Saturday, September 29, 2007

Bookcase History

When we started going to the UNC Pediatric Oncology Clinic 3 ½ years ago, there was a wooden bookcase in the hall and usually there were some new books on there and we were told if we were interested we could take them home. Karl and I always looked, but usually didn’t find much of interest. The bookcase donations were started by a woman who had been an educator for years, loved children and she too was being treated for cancer. The books were from a publisher and were pre-proof copies. At some point this nice woman died and the flow of books stopped. For a couple of years those shelves have held the odd assortment of magazines that often end up in a doctor’s office.

A couple of weeks after Karl died in March, Chink and I agreed that we would like to do something for the clinic. They had been so kind to us and we were thinking there must be something we could buy for them. Dr. Gold suggested we put books on the shelves again. He knew how much Karl enjoyed reading and he daily saw those empty shelves. I thought it was a great idea and took it on as a project. I contacted our loyal friends who had supported us for three years and many of the local ones wanted to get involved. I asked Valerie to be a drop off point and we got the word out that we wanted new or gently used children’s books—preschool to early teens. Many people donated books their children had out grown and that got us started. The main difference between this supply of books and the ones that used to be on those shelves is that these are books our children have loved and read.

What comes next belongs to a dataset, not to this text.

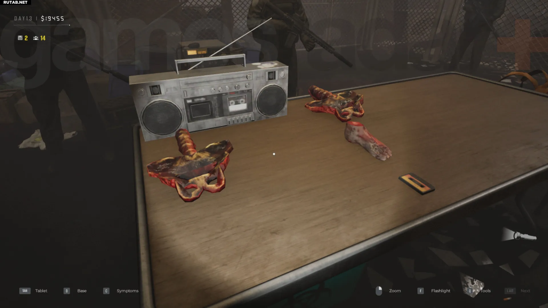 Также обращайте внимание на выживших, которые несут в рюкзаках части тел зомби. Если найдёте такие части, не конфискуйте их (если это не требуется заданием), иначе получите штраф. Просто положите их обратно в рюкзак и отправьте выжившего сразу на ликвидацию, даже если у него нет симптомов заражения, — он уже инфицирован.

The clinic staff is so pleased to have these books for the young patients they care so much about. They tell me it has become the first place most of the kids head to after they have been checked in. They want to find a book. Dr. Gold is amazed how popular the books are even though it was his idea in the first place. The children can read the books while they are in the clinic or take them home if they want to. They have a lot of boring waiting around time—in the clinic and in the
car ride home. The books give them comfort they so desperately need.

Since I've been a mom and go to the clinic every two weeks to restock the shelves, I can see and have a good feel for what the kids will like. New preschool boardbooks and new releases are needed and I'd like to have the money to buy these. I can get discounts from local bookstores because I am buying books for the hospital and have ordered online and gotten good deals. This is why we are asking for money donations.

Thanks to those who have helped me make this possible.